##### Material to process
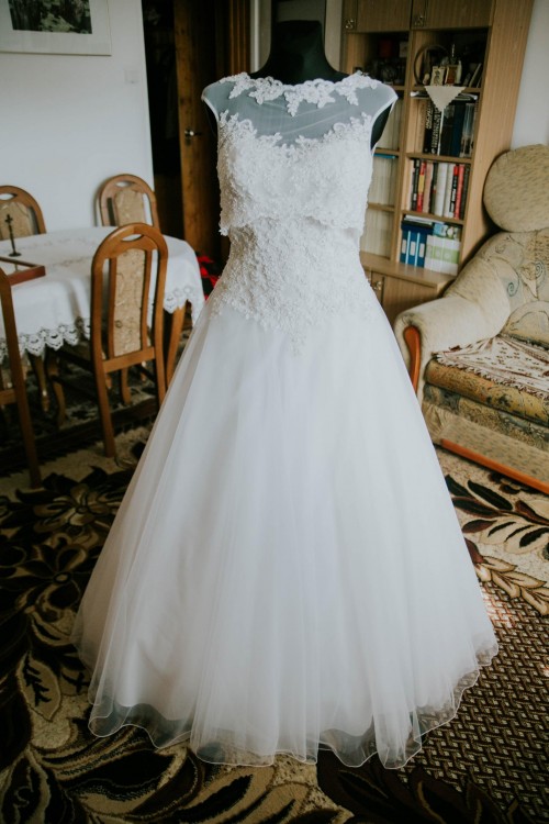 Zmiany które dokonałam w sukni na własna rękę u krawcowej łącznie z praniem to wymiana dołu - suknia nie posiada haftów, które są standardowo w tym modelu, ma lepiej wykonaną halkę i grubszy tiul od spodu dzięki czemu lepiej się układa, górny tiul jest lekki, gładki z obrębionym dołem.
##########
##### Material to process
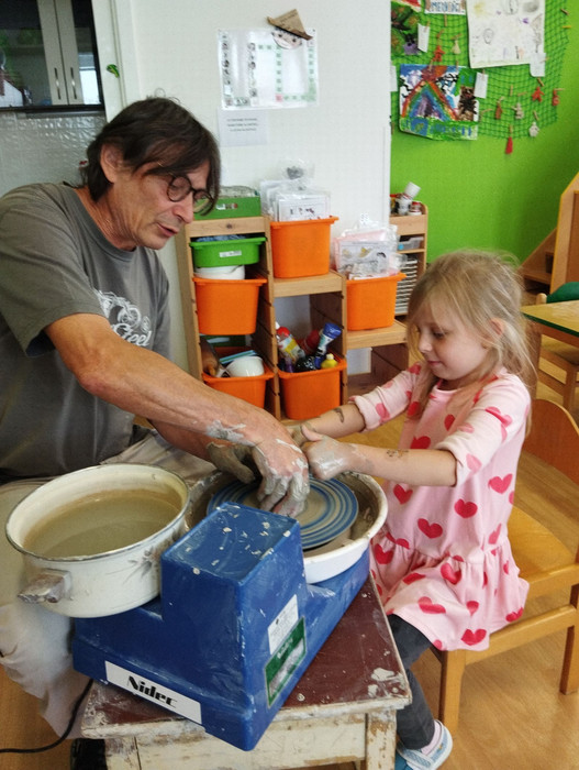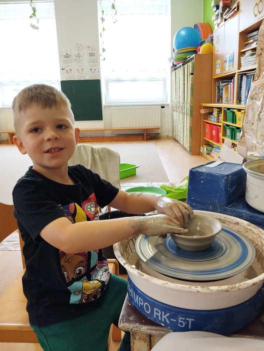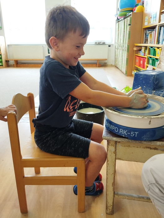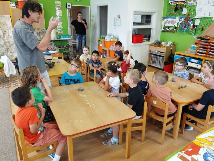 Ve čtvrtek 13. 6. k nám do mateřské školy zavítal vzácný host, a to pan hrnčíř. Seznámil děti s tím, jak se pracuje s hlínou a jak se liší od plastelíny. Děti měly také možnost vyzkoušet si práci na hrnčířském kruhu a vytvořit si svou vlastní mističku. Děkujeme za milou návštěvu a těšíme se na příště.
##########
##### Material to process
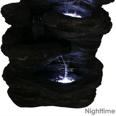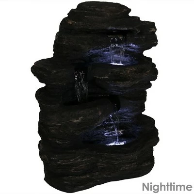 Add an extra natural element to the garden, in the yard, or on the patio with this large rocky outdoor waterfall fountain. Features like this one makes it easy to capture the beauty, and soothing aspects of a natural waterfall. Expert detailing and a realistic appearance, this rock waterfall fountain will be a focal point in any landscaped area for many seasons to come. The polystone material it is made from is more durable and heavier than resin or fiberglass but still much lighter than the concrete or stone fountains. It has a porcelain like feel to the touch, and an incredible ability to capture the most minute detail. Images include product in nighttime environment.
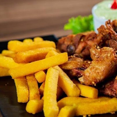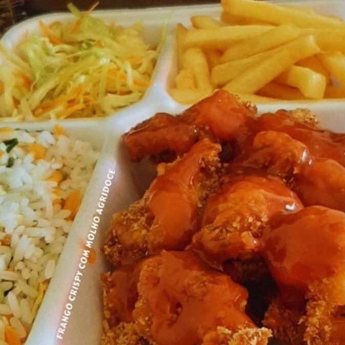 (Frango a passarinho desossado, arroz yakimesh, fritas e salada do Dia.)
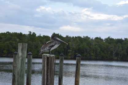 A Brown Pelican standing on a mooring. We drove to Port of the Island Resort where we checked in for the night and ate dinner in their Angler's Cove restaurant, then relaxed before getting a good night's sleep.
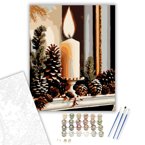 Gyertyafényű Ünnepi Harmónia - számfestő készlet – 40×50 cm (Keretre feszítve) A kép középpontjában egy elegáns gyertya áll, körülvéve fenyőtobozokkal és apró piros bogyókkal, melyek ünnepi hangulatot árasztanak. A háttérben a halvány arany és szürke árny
##########
* _Problem requirements_:
Take the material above from the line containing "Add an extra" up to and including the line containing "Gyertyafényű Ünnepi Harmónia" and retype it exactly, without any pictures.

* _Task output_:
 Add an extra natural element to the garden, in the yard, or on the patio with this large rocky outdoor waterfall fountain. Features like this one makes it easy to capture the beauty, and soothing aspects of a natural waterfall. Expert detailing and a realistic appearance, this rock waterfall fountain will be a focal point in any landscaped area for many seasons to come. The polystone material it is made from is more durable and heavier than resin or fiberglass but still much lighter than the concrete or stone fountains. It has a porcelain like feel to the touch, and an incredible ability to capture the most minute detail. Images include product in nighttime environment.
 (Frango a passarinho desossado, arroz yakimesh, fritas e salada do Dia.)
 A Brown Pelican standing on a mooring. We drove to Port of the Island Resort where we checked in for the night and ate dinner in their Angler's Cove restaurant, then relaxed before getting a good night's sleep.
 Gyertyafényű Ünnepi Harmónia - számfestő készlet – 40×50 cm (Keretre feszítve) A kép középpontjában egy elegáns gyertya áll, körülvéve fenyőtobozokkal és apró piros bogyókkal, melyek ünnepi hangulatot árasztanak. A háttérben a halvány arany és szürke árny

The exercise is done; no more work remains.